Typically, about five follicles begin maturing each month. During ovulation, one or more follicles will release a mature egg. In a woman who has polycystic ovaries, twice the normal number of follicles mature each month. However, the bulk of these eggs are not released.
While roughly 30 percent of women have polycystic ovaries, roughly half of that amount go on to develop polycystic ovary syndrome (PCOS).
Insulin resistance is thought to be the origin of the syndrome. Insulin resistance leads the body to flood your system with extra insulin. This causes the cycle regulating hormones to get out of balance as well. One of the hormones is testosterone. The extra testosterone impedes ovulation, which compromises fertility.
The symptoms of PCOS include irregular periods. Some women do not have periods. When menstruation does occur, the bleeding can range from light to very heavy. Abdominal discomfort is also common. A common symptom is excessive hair growth. This will occur on the face, abdomen, and chest. Women with PCOS often struggle with acne as well. Issues with weight are often prevalent in women with PCOS.

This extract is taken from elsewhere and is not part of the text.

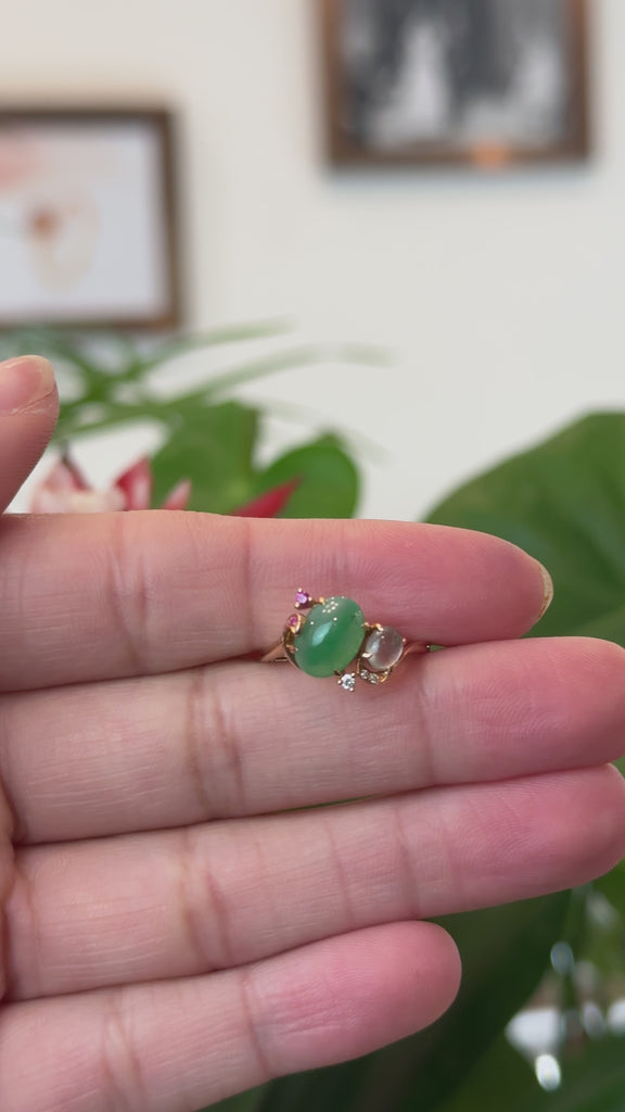 Baikalla™ 18k Rose Gold Natural Imperial Jadeite Morning Glory Engagement Ring

PCOS is diagnosed through medical history, ultrasound, and blood tests. Treatment ranges from lifestyle changes, medications, creams, and even surgery. Your treatment will hinge on your plans to conceive.
To manage the pain, try warm baths, hot water bottles, over-the-counter medications, and loose clothing. Excess body hair can be addressed through waxing, electrolysis, or laser hair removal.